Qu’il s’agisse d’animation ou de prises de vue réelles, aucune forme cinématographique ne peut restituer avec justesse (la Shoah)
Les propres parents du réalisateur, survivants de l’Holocauste, ont été déportés à Auschwitz la même semaine qu’Anne Frank et sa famille. Mais «qu’il s’agisse d’animation ou de prises de vue réelles, dit-il, aucune forme cinématographique ne peut restituer avec justesse» la Shoah.
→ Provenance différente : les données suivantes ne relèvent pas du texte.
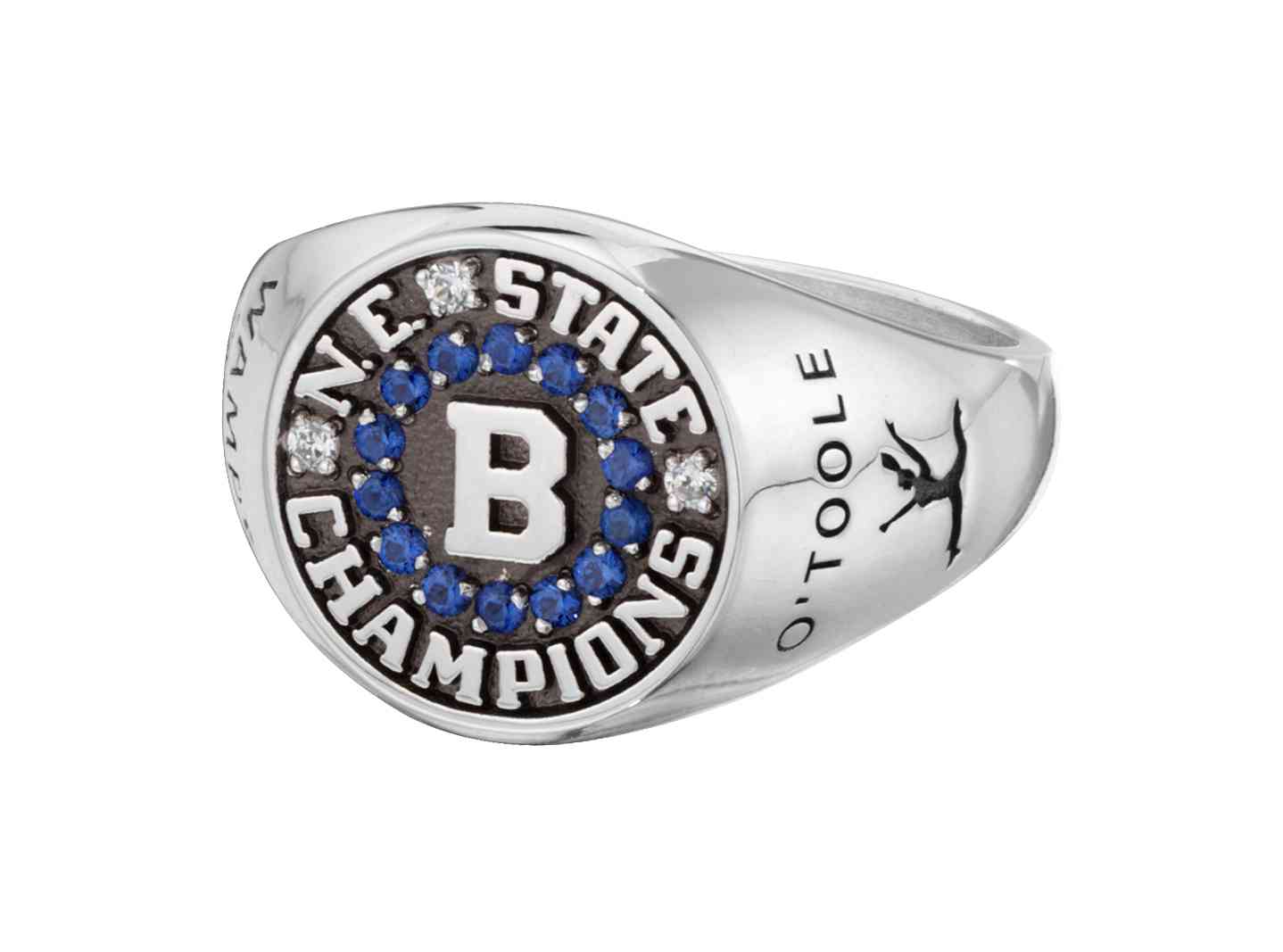 A varsity letter surrounded by a ring of sapphires creates a sense of team pride in this sterling silver women's championship signet ring. Diamonds separate the text, and custom engraving on the sides include the recipient's name and the team logo.
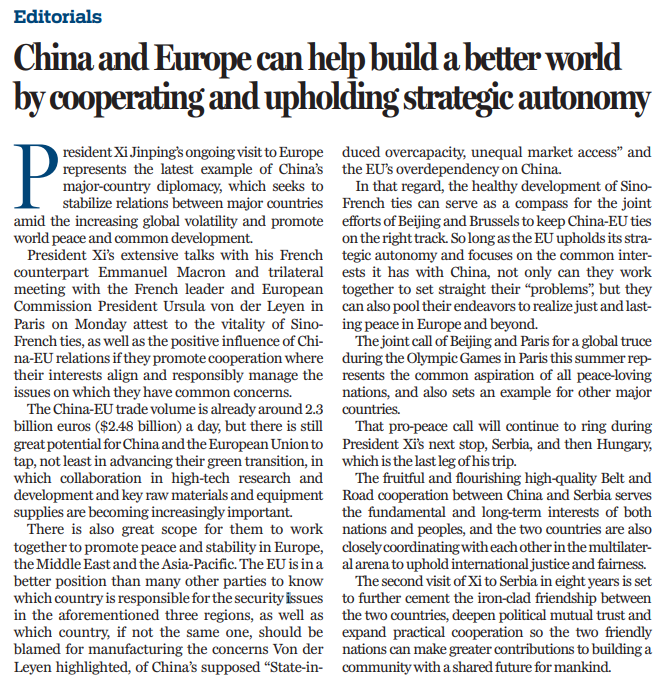 中國領導人此次歐洲之行旨在全球局勢日益動蕩之際穩定大國關系和中歐關系,促進世界和平與共同發展。在促進歐洲、中東和亞太地區的和平與穩定方面,中歐雙方有很大的合作空間。只要歐盟堅持戰略自主,著眼于中歐共同利益,雙方不僅可以攜手合作,還可以為實現歐洲和歐洲以外地區公正與持久的和平共同努力,為世界和平與發展以及人類的進步作出新的貢獻。
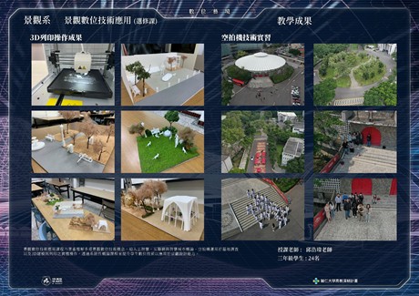 在「提升高教公共性」(4-6 永續典範大學) 方面,景觀系學生利用 3D 列印技術將設計概念轉化為實體模型,進行校園空間改造練習。此外,學院舉辦了為期一週的數位藝境《虛實.聲境.未來輔仁》成果發表及展覽,公開展示了虛實融合、聲境互動的跨域學習成果。
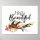 Hello Beautiful Antler and Flowers Poster
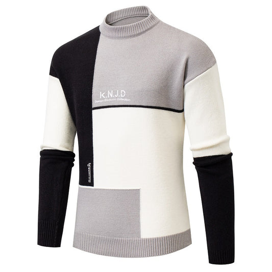 Knitwear Men's American Retro European Size Color Matching Casual Coat Autumn And Winter New Round Neck Sweater
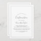 Esta minimalista invitación de confirmación de plata es perfecta para un simple evento religioso. El moderno diseño romántico presenta una tipografía clásica de color gris plateado y blanco, acompañada de una caligrafía rústica y elegante con un estilo de letra a mano vintage. Personalizable de cualquier color. Mantenga el diseño simple y elegante, tal como está, o lo personaliza añadiendo sus propios gráficos y obras de arte.
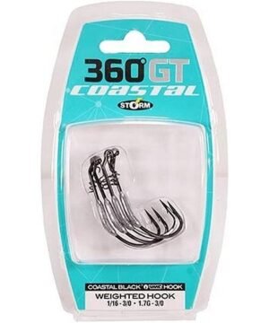 Storm 360GT Coastal Weighted Swimbait Hooks yra skirti naudoti su įvairiais guminukais tiek gėluose, tiek sekliuose pakrančių vandenyse. Šiuose tvirtuose VMC Coastal Black kabliukuose kablio koto centre yra subalansuotas kilio svoris ir spyruokle, kad palengvintį montažą ir pailgėtų jūsų guminuko tarnavimo laikas. Supakuota po 4 vnt. 3/0 – 4,5cm, 4/0 – 5cm, 5/0 – 5,5cm.
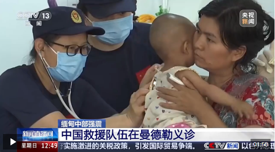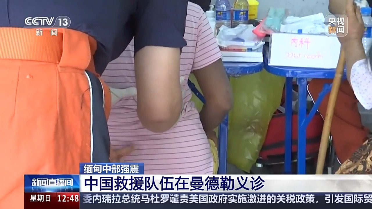 總臺央視記者 唐國榮:這里是緬甸曼德勒的多金堰地區(qū),來自中國救援隊(duì)、中國國際救援隊(duì)和中國香港救援隊(duì)的醫(yī)療隊(duì)員們,來到這里為緬甸地震中受災(zāi)的人員開展各種醫(yī)療救助服務(wù)。
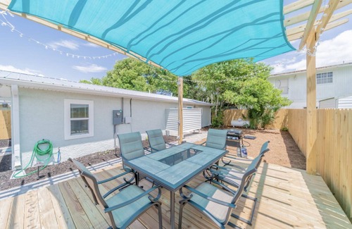 A Stone's Throw is the perfect place to get away and relax in a fully renovated, contemporary beach cottage, within a five minute walk to the white sandy beaches and gulf breezes. Our beach cottage home sleeps 6, with a King size bed in the private master bedroom suite, a Queen bed in the guestroom, and an ideal twin bunk room. This property includes Wi-Fi and cable, washer and dryer, cooking necessities and starter toiletries. Outdoor decking allows for a view of fireworks and nighttime moments listening to the ocean waves.

Ainsi, son film parle aussi de notre époque, avec cette idée brillante : confronter Kitty au nom d’Anne Frank, qui n’est pas seulement devenu, à Amsterdam, celui d’un musée, mais aussi d’une école, d’un pont ou encore d’un hôpital, et laisser la jeune fille découvrir que le monde après Anne n’a pas pris la direction de son esprit humaniste, mais plutôt de la haine dont elle a été victime. Anne Frank est partout, mais il faut la chercher… En s’engageant en faveur des migrants, et en faisant la rencontre d’Ava, une jeune réfugiée malienne à qui elle transmettra le Journal, Kitty réalise un devoir de mémoire rêvé, presque utopique. Pour Jani Thiltges, producteur du film, Kitty «est la jeune fille la plus drôle, la plus intelligente et la plus futée qu’on puisse imaginer». Elle «soulève des questions parfaitement cohérentes» et «défend les idéaux qu’elle estime juste et pour lesquels Anne se serait battue, elle aussi».
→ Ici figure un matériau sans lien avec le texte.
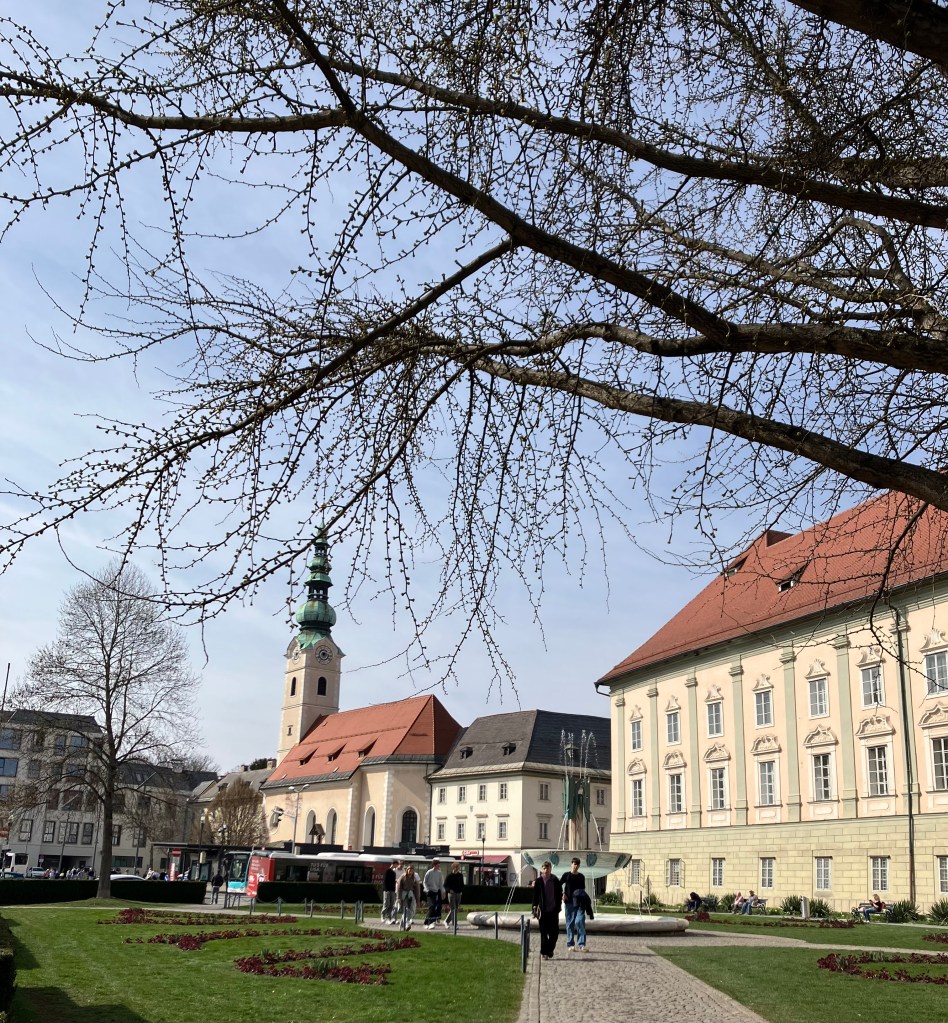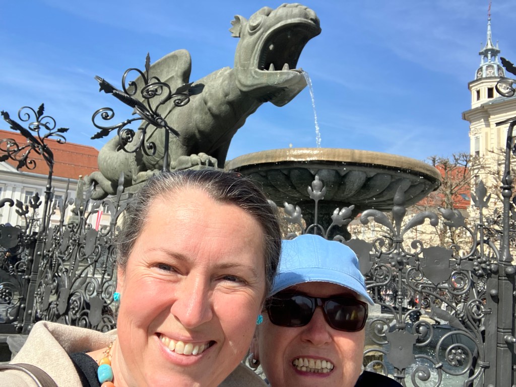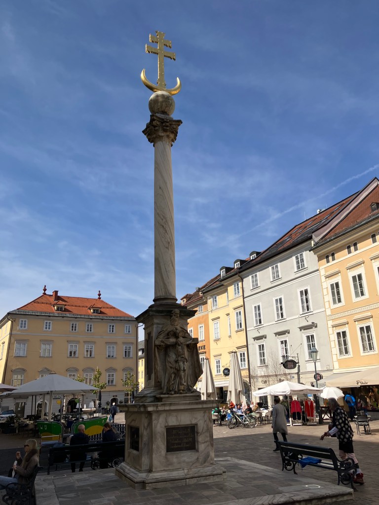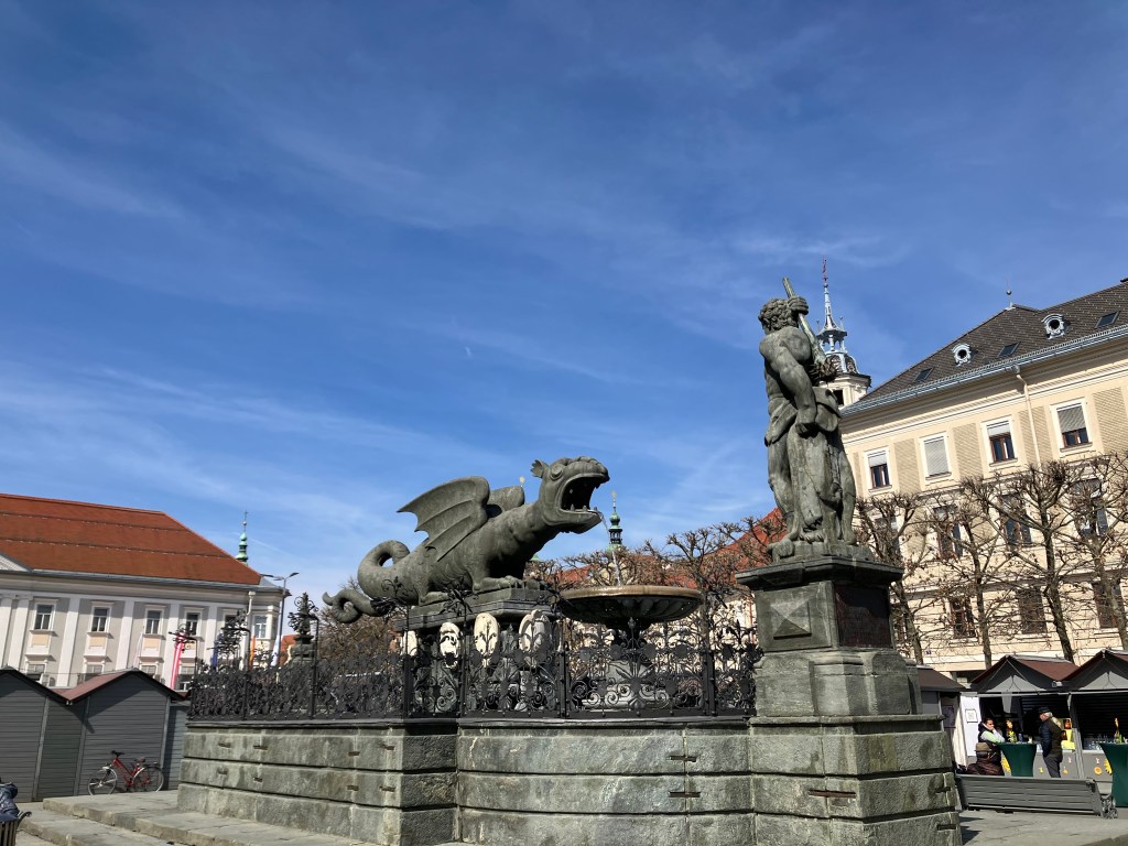 Bei traumhaftem Wetter führte uns der erste Weg gleich zum Neuen Platz mit dem Lindwurm-Brunnen, der so kurz vor Ostern von zahlreichen Standln mit schönem Osterhandwerk umstellt war.

En version luxembourgeoise
Pour Ari Folman, le Luxembourg était déjà entré dans l’équation avec The Congress, dont une partie de l’animation avait été réalisée au Grand-Duché et le film coproduit par Paul Thiltges. Avec Where Is Anne Frank, le cinéaste s’est tourné cette fois vers Samsa Film. Un choix étonnant, tant de la part du réalisateur que du producteur, car en dépit de ses plus de 35 ans d’existence, et 80 films au compteur, la société de production n’avait jamais travaillé dans l’animation. Mais, fidèle à la confiance qu’il place dans le réalisateur et à la vision artistique de ce dernier, et avec «le sentiment que l’animation était la forme la mieux adaptée pour que l’héritage d’Anne Frank soit accessible aux générations d’aujourd’hui», Jani Thiltges s’est lancé dans l’aventure du «tout premier film sur la Shoah destiné aux enfants».
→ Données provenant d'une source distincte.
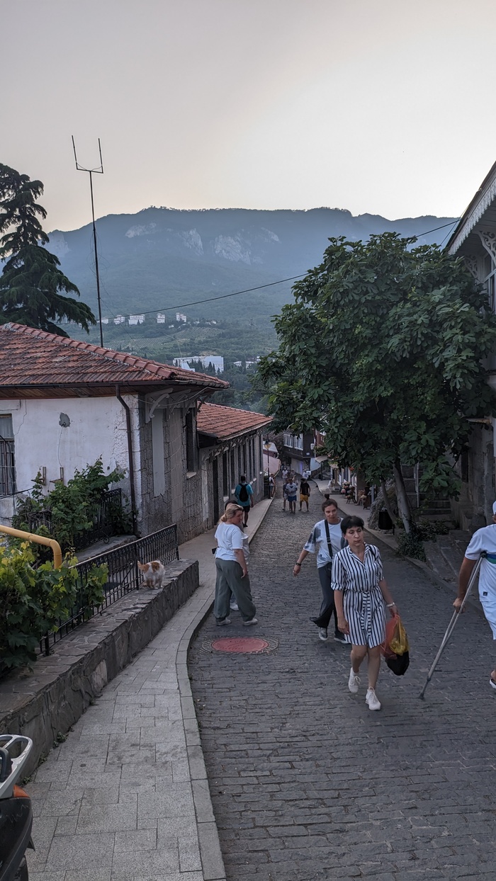 Словно бы охраняя вход на белоснежную виллу, они непринужденно общаются меж собой, обсуждая что-то своё, как, наверное, сиживали когда-то на террасе усадьбы «Саламбо», ныне превращенной в дом творчества художника Константина Коровина.
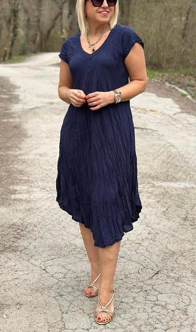 Elevate your everyday wardrobe with this Women's V-Neck A-Line Dress, a timeless piece that balances Scandinavian-inspired minimalism and laid-back sophistication.
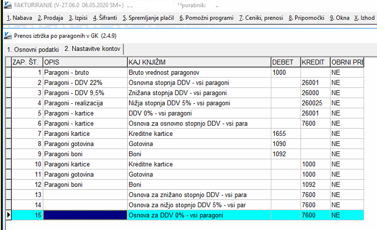 Nastavimo prenos iztržkov – paragonov po vaših kontih v Glavno knjigo. Prenos testiramo in predamo v produkcijo.
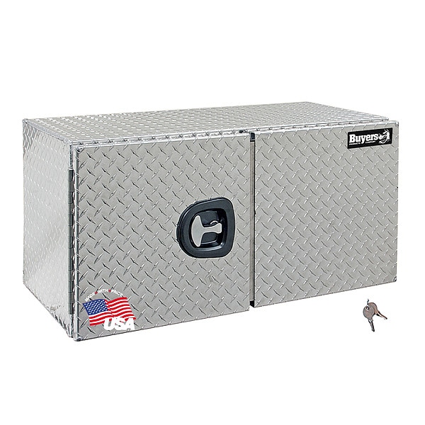 Underbody, Silver, Double Barn Doors, Overall Width 48 in, Overall Depth 18 in, Overall Height 18 in, Storage Capacity 9.7 cu ft, Body Material Aluminum, Lid Type Adjustable, Features Continuous Aluminum Hidden Hinge with Solid 1/4 in Pin, Swing-Out Doors and no Center Post, Built-in Rain Gutter with Bulb Seal
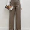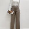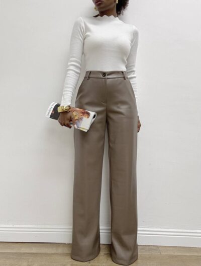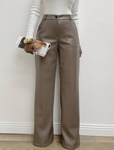 Pantalone a palazzo realizzato in tessuto spalmato effetto ecopelle, dal finish lucido e dalla linea sofisticata. Il design elegante si distingue per la silhouette morbida e fluida, valorizzata da due pratiche taschine laterali La chiusura frontale con zip nascosta e bottone dona un tocco pulito e contemporaneo, mentre i passanti in vita permettono di personalizzare il look con la cintura preferita. Perfetto per aggiungere un twist deciso e raffinato al tuo guardaroba quotidiano.
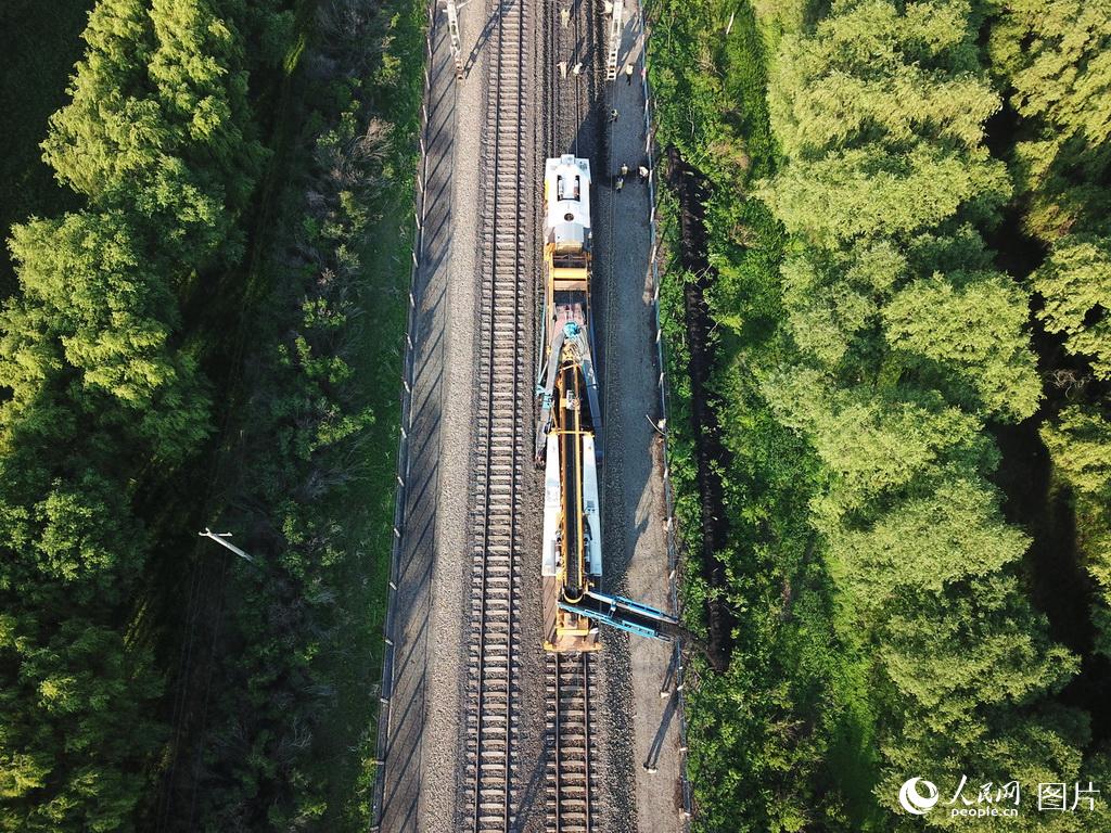 6月4日,一组大型养路机械在京哈铁路线得胜台站至铁岭站间进行线路清筛作业。

Mieux encore : la sortie du film, aujourd’hui, dans les salles du pays, se fait… en version luxembourgeoise, accompagnée du titre de rigueur, Wou ass d’Anne Frank. La version originale (en anglais) devrait suivre, mais l’existence d’un doublage en luxembourgeois est aussi l’heureuse conséquence d’un film aux nombreuses nationalités, produit dans cinq pays. «J’ai produit beaucoup de films, mais je n’aurais pu produire celui-ci seul. C’est mon premier – et sans doute mon dernier – film d’animation», glisse le producteur. Mais en fin de compte, le plus important reste toujours le résultat : «Quand j’ai découvert le film finalisé (…) j’étais fier et ému parce qu’il s’agit d’un film important et qu’il fallait le faire aujourd’hui, étant donné tous les problèmes liés au racisme, à l’immigration et aux différentes formes de violence que nous rencontrons à l’heure actuelle (…) C’est ce dont je suis le plus fier», conclut Jani Thiltges.